Records excerpted from a collection
#####

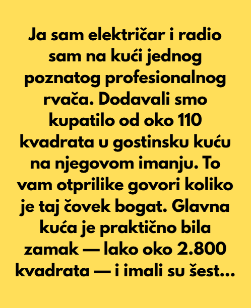 Ja sam električar i radio sam na kući jednog poznatog profesionalnog rvača. Dodavali smo kupatilo od oko 110 kvadrata u gostinsku kuću na njegovom imanju. To vam otprilike govori koliko je taj čovek bogat. Glavna kuća je praktično bila zamak — lako oko 2.800 kvadrata — i imali su šest nemačkih psa koje su vršile nuždu svuda po kući. Oni bi jednostavno ostavljali te ogromne gomile po mermernim podovima svoje kičaste vile dok čistači ne bi dolazili svakog dana da to počiste. I nisu oni jedini bogati ljudi koje sam znao da se tako ponašaju.
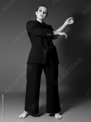 Beauty fashion girl with evening makeup . Black and white art photo . Elegant lady with stylish short hairstyle . Fashion full Portrait of a Beautiful Young Sexy Woman in Black Clothing
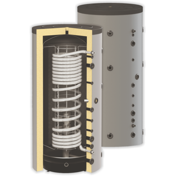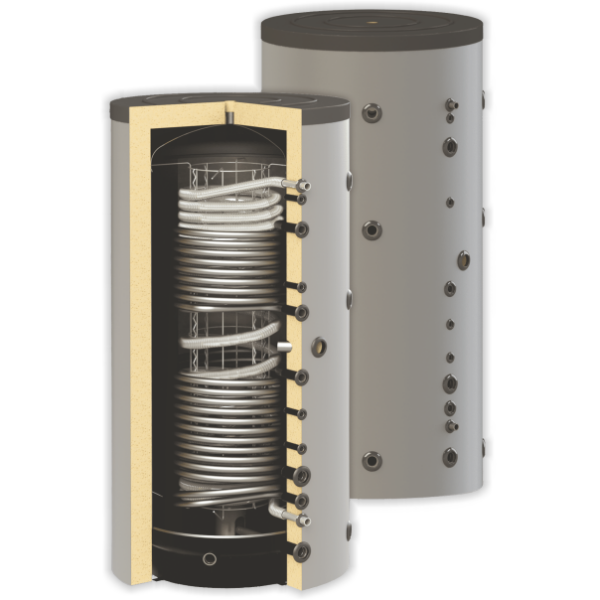 Zbiornik wykonany z stali węglowej, wężownica CWU wykonana jest z stali nierdzewnej, pozostałe wężownice z stali węglowej,
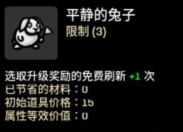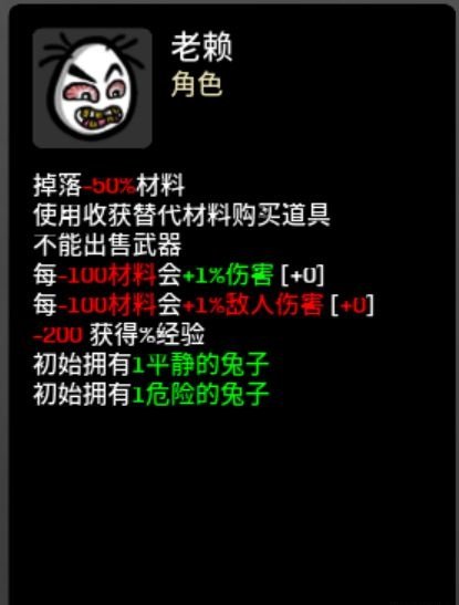老赖:使用收获代替材料购买道具,不能出售武器,初始拥有1平静的兔子、1危险的兔子。
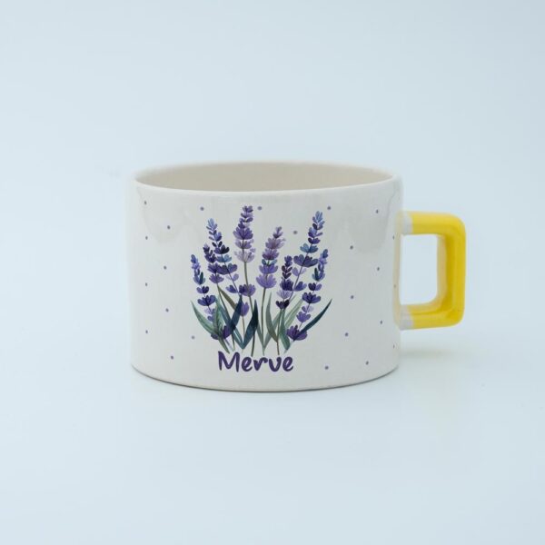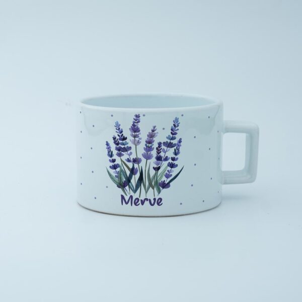 İsme özel lavantalı fincanımız, sıradan bir fincandan çok daha fazlasını sunar. Canlı lavanta desenleri ve kişiye özel isminizle tasarlanan bu fincan, her yudumda size keyifli anlar yaşatır.
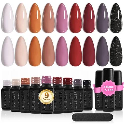 Juego completo de esmaltes de uñas de gel: el juego de esmaltes de gel Lavender Violets incluye 9 colores vibrantes de esmalte de uñas de gel, junto con 1 capa superior, 1 capa superior mate, 1 capa base y 1 imprimación de uñas para una experiencia completa de manicura de gel. Colores festivos de otoño e invierno: nuestro juego de esmaltes de uñas muestra maravillosamente tonos clásicos perfectos para las temporadas de otoño e invierno, con café rico, camello cálido, marrón oscuro y rojo atrevido. Ideal para celebrar Halloween y Navidad, estos colores añaden encanto a tus diseños de uñas. Alta calidad y seguro: fabricado para cumplir con los estándares de calidad de salón, nuestro esmalte de gel está impregnado con resina natural, lo que garantiza una aplicación saludable y agradable para tu experiencia de esmalte de uñas de gel en casa. Fórmula de larga duración: disfruta de uñas resistentes al astillado hasta 28 días con nuestros colores de esmalte de uñas de gel duraderos. La fórmula garantiza que tu manicura se mantenga impecable sin romperse ni pelarse, lo que te permite celebrar las vacaciones de otoño e invierno con confianza. Idea de regalo perfecta: este juego de esmaltes de uñas de gel es ideal para los amantes del arte de uñas y es un regalo versátil para cualquier ocasión. Ya sea para uso diario o celebraciones festivas como Halloween y Navidad, ofrece infinitas posibilidades creativas para diseños de uñas de gel de invierno.
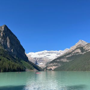 最初はレイクルイーズで2時間のフリータイム。荘厳な湖でめちゃくちゃきれいでした。カヌーは30分で155ドル、1時間で165ドルと高めですが、是非乗ってください!
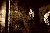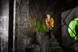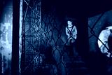 Woman in retro style sci-Fi movie shoots out laser weapons..
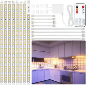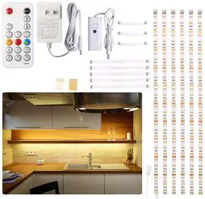 Under Cabinet Lighting Kit - 8 PCS 20 Inch Pre-Cut Strips, 2700K Warm White Flexible LED Strip Lights with Remote and Power Adapter for Kitchen Cabinets, Shelf, Desk, Counter - 13ft

#####

▶ _PROBLEM TO SOLVE_
Each line above starting at the one holding "老赖:使用收获代替材料购买道" and ending at the one holding "İsme özel lavantalı" should be set down exactly as it stands, both ends included, with no pictures.

▶ _EXERCISE SOLUTION_
老赖:使用收获代替材料购买道具,不能出售武器,初始拥有1平静的兔子、1危险的兔子。
 İsme özel lavantalı fincanımız, sıradan bir fincandan çok daha fazlasını sunar. Canlı lavanta desenleri ve kişiye özel isminizle tasarlanan bu fincan, her yudumda size keyifli anlar yaşatır.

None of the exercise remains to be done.